| Exercise |
In this exercise, return the whole listing exactly, excluding any images.

| Given material |
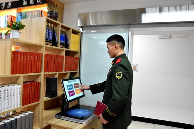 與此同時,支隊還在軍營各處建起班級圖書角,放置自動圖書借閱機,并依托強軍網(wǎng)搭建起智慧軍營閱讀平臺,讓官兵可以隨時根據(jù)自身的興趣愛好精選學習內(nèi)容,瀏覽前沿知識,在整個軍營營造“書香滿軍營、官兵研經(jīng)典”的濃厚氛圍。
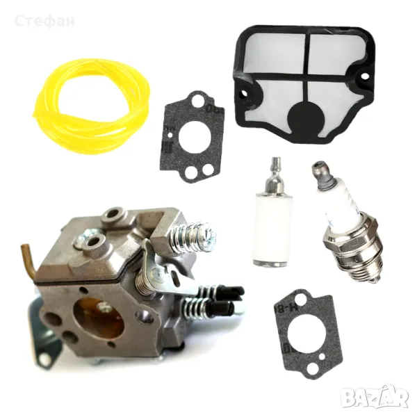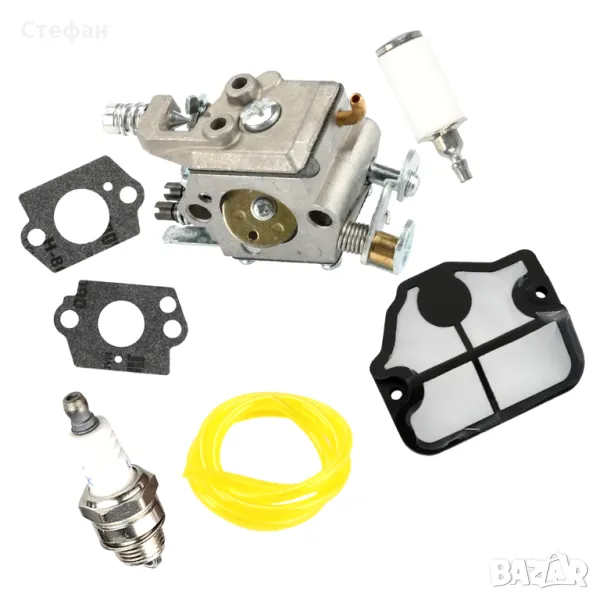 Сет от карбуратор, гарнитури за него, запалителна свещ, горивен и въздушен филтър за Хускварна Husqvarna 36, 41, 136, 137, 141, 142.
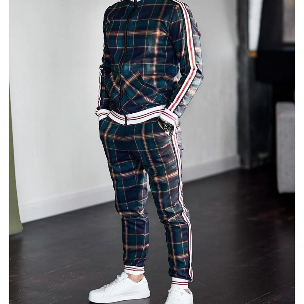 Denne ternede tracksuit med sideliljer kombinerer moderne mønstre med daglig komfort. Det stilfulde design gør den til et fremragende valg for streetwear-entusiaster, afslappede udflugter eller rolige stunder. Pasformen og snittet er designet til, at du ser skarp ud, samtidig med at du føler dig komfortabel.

| Answer for this exercise |
 與此同時,支隊還在軍營各處建起班級圖書角,放置自動圖書借閱機,并依托強軍網(wǎng)搭建起智慧軍營閱讀平臺,讓官兵可以隨時根據(jù)自身的興趣愛好精選學習內(nèi)容,瀏覽前沿知識,在整個軍營營造“書香滿軍營、官兵研經(jīng)典”的濃厚氛圍。
 Сет от карбуратор, гарнитури за него, запалителна свещ, горивен и въздушен филтър за Хускварна Husqvarna 36, 41, 136, 137, 141, 142.
 Denne ternede tracksuit med sideliljer kombinerer moderne mønstre med daglig komfort. Det stilfulde design gør den til et fremragende valg for streetwear-entusiaster, afslappede udflugter eller rolige stunder. Pasformen og snittet er designet til, at du ser skarp ud, samtidig med at du føler dig komfortabel.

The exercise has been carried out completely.